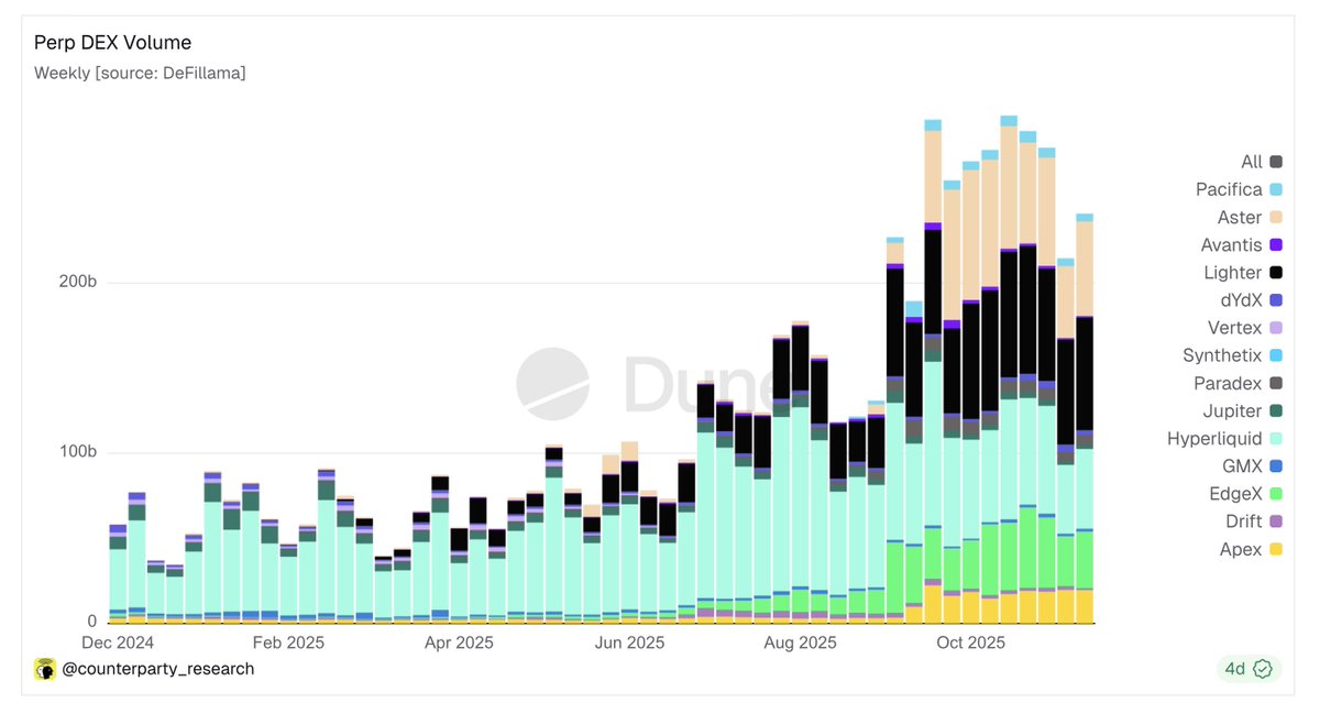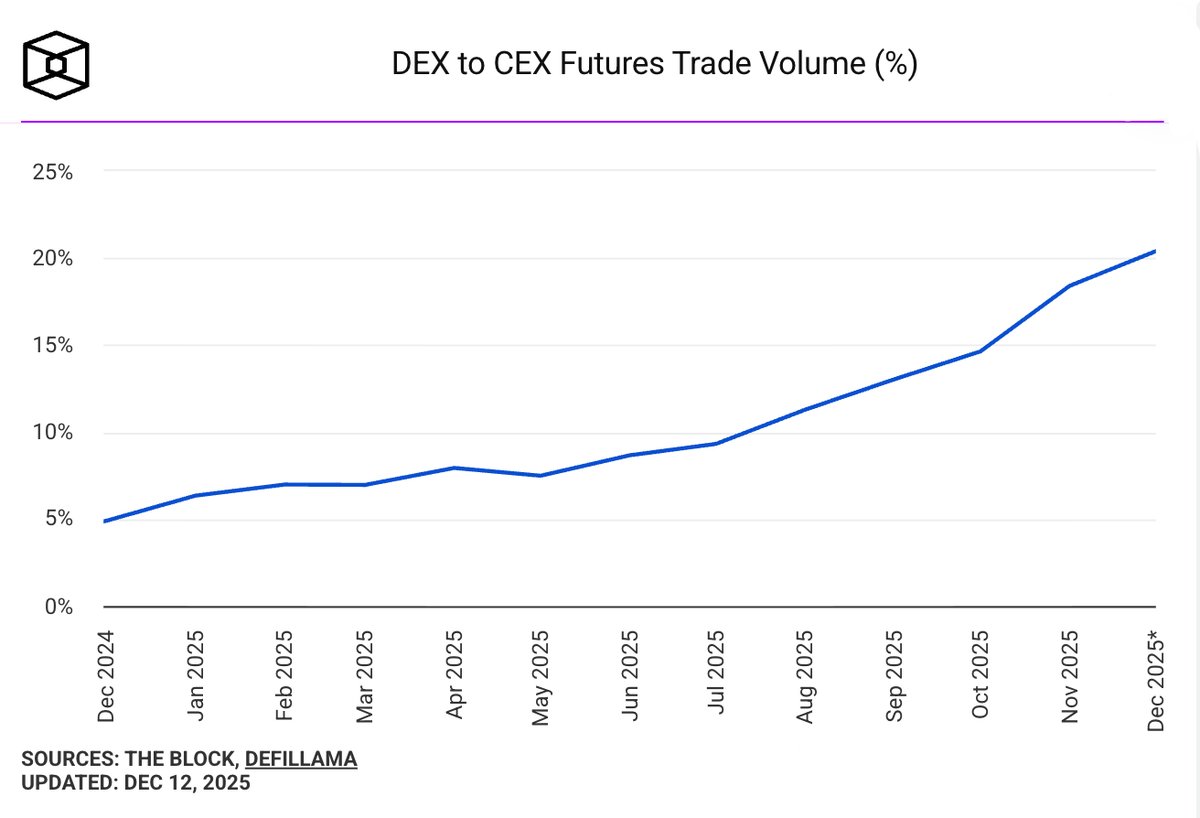 - 本月至今,DEX与CEX的perp交易量占比为20%。
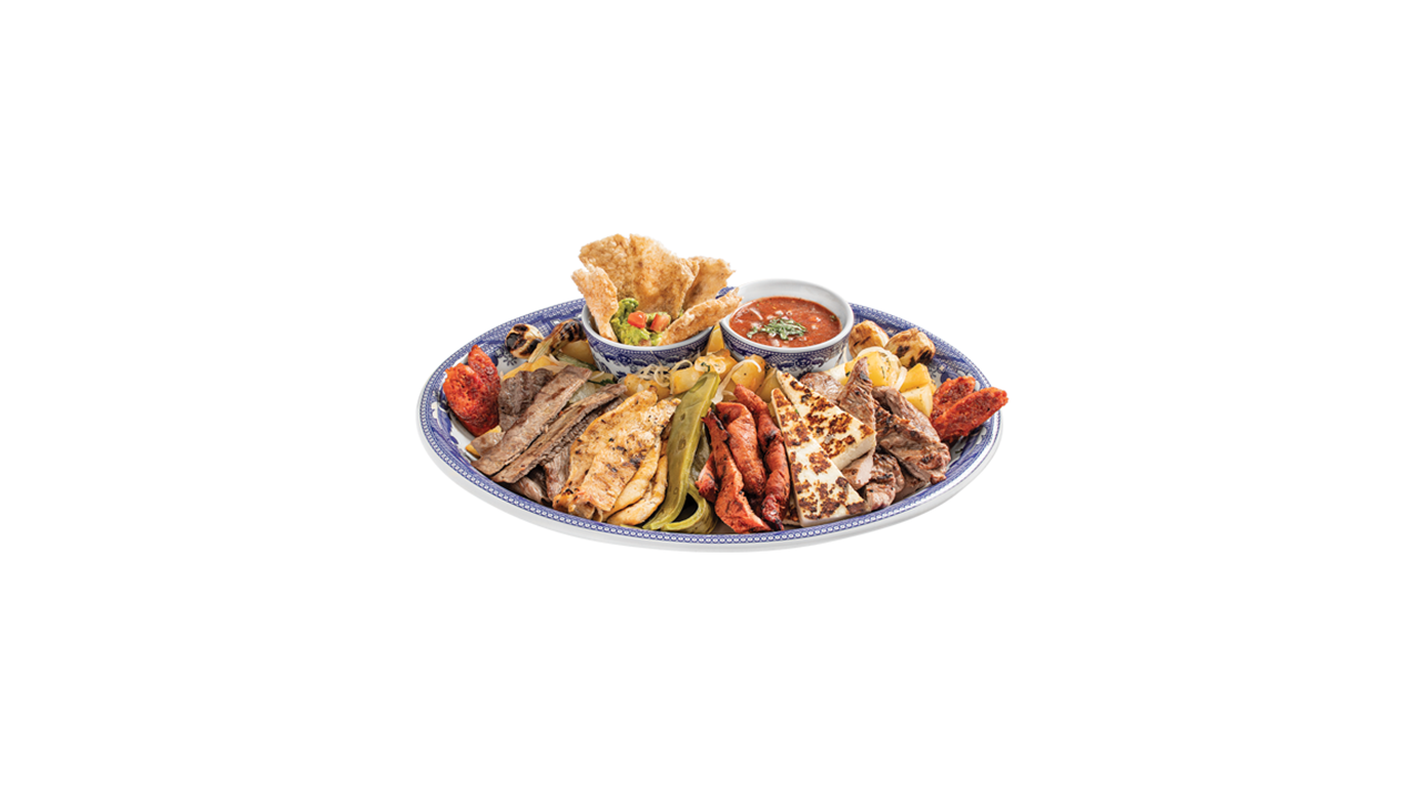 Arrachera, pechuga de pollo, chorizo, cecina de res y cecina de cerdo enchilada, queso panela, cebolla cambray, nopales y guacamole, 1,390 Kg preparado para 3 o 4 personas aprox.
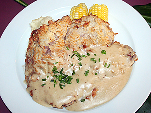 ●フライド・チキン? それともステーキ? ザ・ランチハウスのメニューはどれもこれも魅力的でなかなか決められません。ということで、シェフのクレイトンさんにおすすめ料理を作ってもらうことに。まずは、「チキン・フライド・ステーキのカントリー・グレービーがけ」。アメリカ南部の家庭料理で、チキン・フライド・ステーキという名前だけど、実はビーフ。柔らかいリブ・アイのステーキをフライドチキンのように衣を付けて揚げ、クリーミーなカントリー・グレービー・ソースを掛けたものなのです。それにしてもそのボリュームにはビックリ! 大人の手のひら2枚を合わせたくらいの大きなお肉がドーンとお皿に横たわっています。さっそく食べてみましょう。見た目とは裏腹に繊細な味で、お肉の風味がグレービーと良く合って満足感たっぷり。まろやかでやさしい味のグレービーは、さすが老舗、という味。ワンランク上の家庭の味です! |
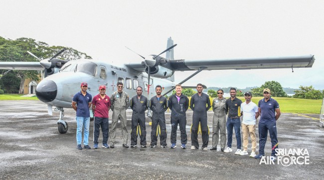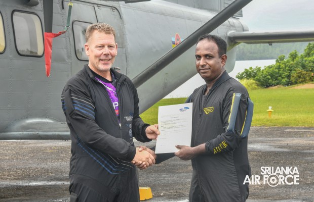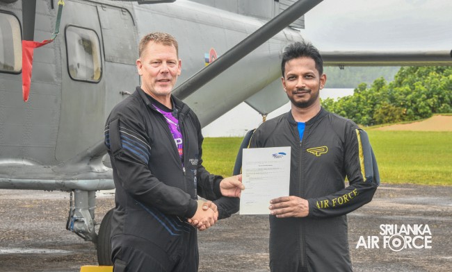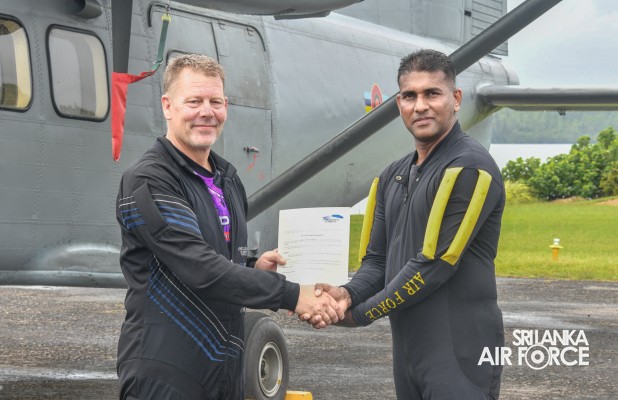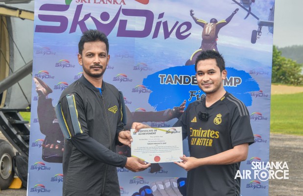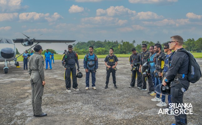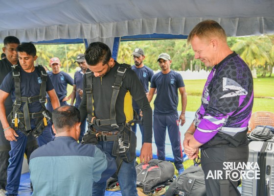 The Tandem Jumps Fiesta, currently taking place against the scenic backdrop of SLAF Station Koggala, features a group of highly qualified tandem jump instructors, including Mr. Marcus Laser from Spain, Group Captain Jagath Godakanda, Wing Commander Vijitha Gomis, and Wing Commander Sumedha Ritigala.

.....

» Work to be completed: Return every line above word for word, minus images.

» Solution to this problem:
 - 本月至今,DEX与CEX的perp交易量占比为20%。
 Arrachera, pechuga de pollo, chorizo, cecina de res y cecina de cerdo enchilada, queso panela, cebolla cambray, nopales y guacamole, 1,390 Kg preparado para 3 o 4 personas aprox.
 ●フライド・チキン? それともステーキ? ザ・ランチハウスのメニューはどれもこれも魅力的でなかなか決められません。ということで、シェフのクレイトンさんにおすすめ料理を作ってもらうことに。まずは、「チキン・フライド・ステーキのカントリー・グレービーがけ」。アメリカ南部の家庭料理で、チキン・フライド・ステーキという名前だけど、実はビーフ。柔らかいリブ・アイのステーキをフライドチキンのように衣を付けて揚げ、クリーミーなカントリー・グレービー・ソースを掛けたものなのです。それにしてもそのボリュームにはビックリ! 大人の手のひら2枚を合わせたくらいの大きなお肉がドーンとお皿に横たわっています。さっそく食べてみましょう。見た目とは裏腹に繊細な味で、お肉の風味がグレービーと良く合って満足感たっぷり。まろやかでやさしい味のグレービーは、さすが老舗、という味。ワンランク上の家庭の味です! |
 The Tandem Jumps Fiesta, currently taking place against the scenic backdrop of SLAF Station Koggala, features a group of highly qualified tandem jump instructors, including Mr. Marcus Laser from Spain, Group Captain Jagath Godakanda, Wing Commander Vijitha Gomis, and Wing Commander Sumedha Ritigala.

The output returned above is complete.